As our relationship grows, I’m able to sense what helps them communicate. For some it’s with humour, but with others, a more steady approach is needed.

To give you a taste of what my typical week might look like:

I visit a gentleman and his wife to do sign a long – or, more simply put, gestures. We agree together that this would be worth trying because we found that sounds and words are difficult for him to practice. The more he uses these gestures, the more words jump out spontaneously. As he can only use his left hand at the moment and he was previously right-handed, we have adapted or made up some gestures between us. His wife and family are learning them, too.

The frustration they both felt at not knowing what he wanted was impacting on them emotionally. To say that the house is raucous when I visit is an understatement. We all have so much fun making the gestures up. I leave the house with them on a high and I hope I leave them feeling like they are making steady, enjoyable, progress.

Next I visit a stroke survivor who is unable to leave the house. Her children had told me that she wouldn’t participate in anything, didn’t want anyone to visit and would shut down in the presence of others.

I found out that she worked in hospitality alongside her husband until he passed away. So when I went to visit her at home, I draw on my experience working in hospitality, and we made an instant connection. She tut tutted at my stories of bad service and chuckled to herself. I was then able to design sessions based around her wants, wishes and needs because she was so open with me.

I generally try and use my one-on-one sessions as a stepping stone to bringing stroke survivors together in the community. This may mean signposting to peer support and activity groups locally, the Stroke Group Network, other community organisations or my own communication groups – these are both community based.

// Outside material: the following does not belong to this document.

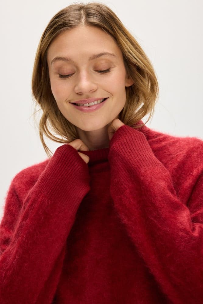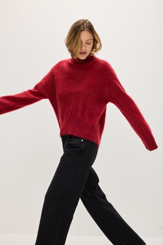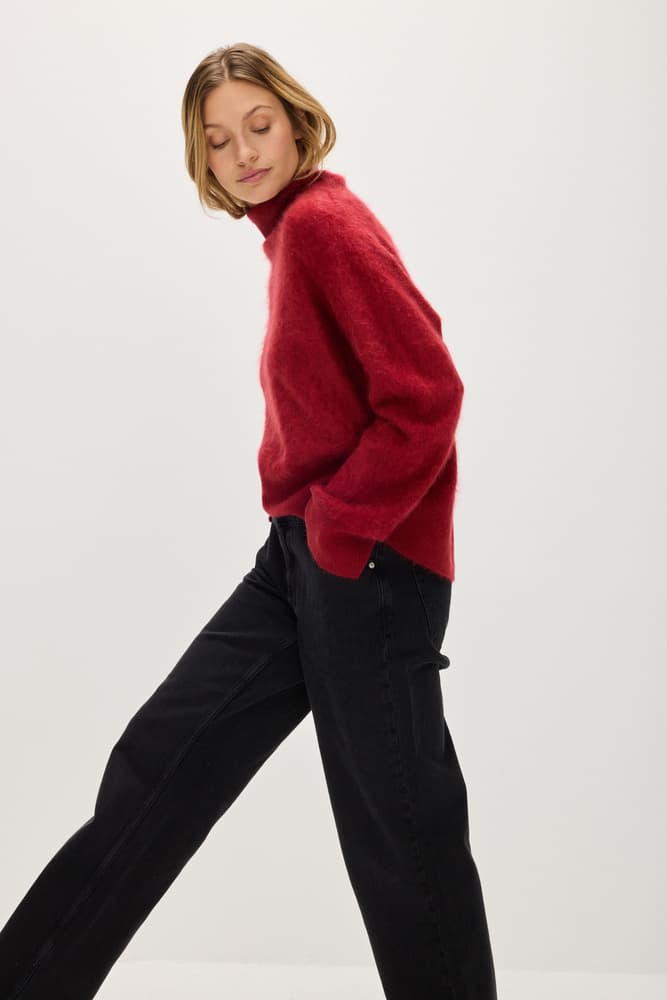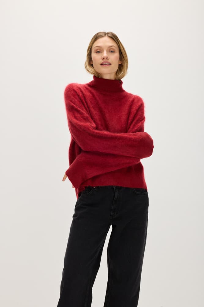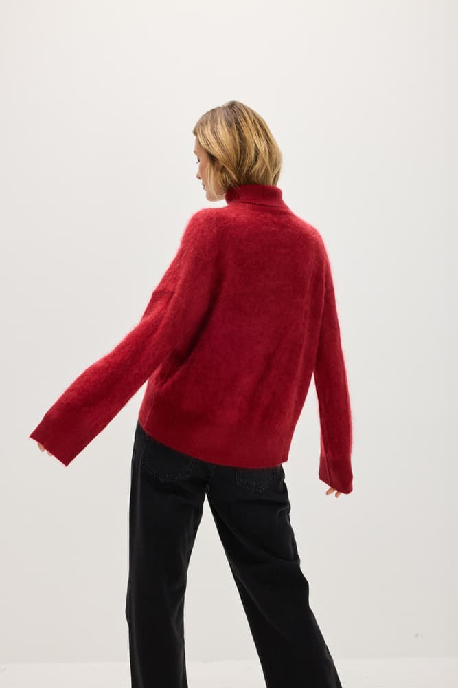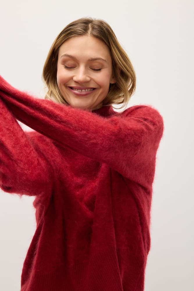 Stickad oversize tröja i vår borstade kashmirkvalitet. Resårstickning i ärmslut och nederkant samt resårstickad hög polokrage. Sänkta axlar. Lång passform och rundad rygg.

This week I have a communication group in a community venue. It’s a small group and for a good reason. It’s for stroke survivors who have high-support needs. This means they may have become isolated and are less likely to join any other groups presently because of their confidence and not wanting to be overlooked or embarrassed with regards to their aphasia.

Most in the group have had one-on-one sessions at home with me and have happily progressed to this group once they are comfortable, this is a stepping stone to rebuilding their lives after stroke and gives carers the opportunity to meet, too. We all come together towards the end of the group for stroke survivors to share their learning. We communicate with each other using words, sounds, gestures, signing, writing and drawing.

Sometimes we laugh and sometimes we get frustrated. But it’s just amazing to see the effort that goes in. They have all created a strong bond and support and encourage each other. To see laughter where there were once tears from anxiety and depression is wonderful.

When I first meet a stroke survivor with aphasia I can be overwhelmed sometimes as to where to start. Thinking creatively and outside the box and not being afraid to fail and try again is always my approach. I see the commitment and hard work that leads to people feeling different, with their head up instead of down, it’s unbelievable. I will never stop learning from stroke survivors and carers. 

More information

  • For more information on whether this service, or similar, is available in your area visit our Support in your area webpage.
  • Please visit our Aphasia Awareness page where you can learn about Communication Access UK and the Communication Access Symbol, a new disability access symbol underpinned by a completely free training package and standards. We hope that these will help you, and your businesses or organisations to better support people with communication difficulties.
  • Click here to download our Communication Support service leaflet.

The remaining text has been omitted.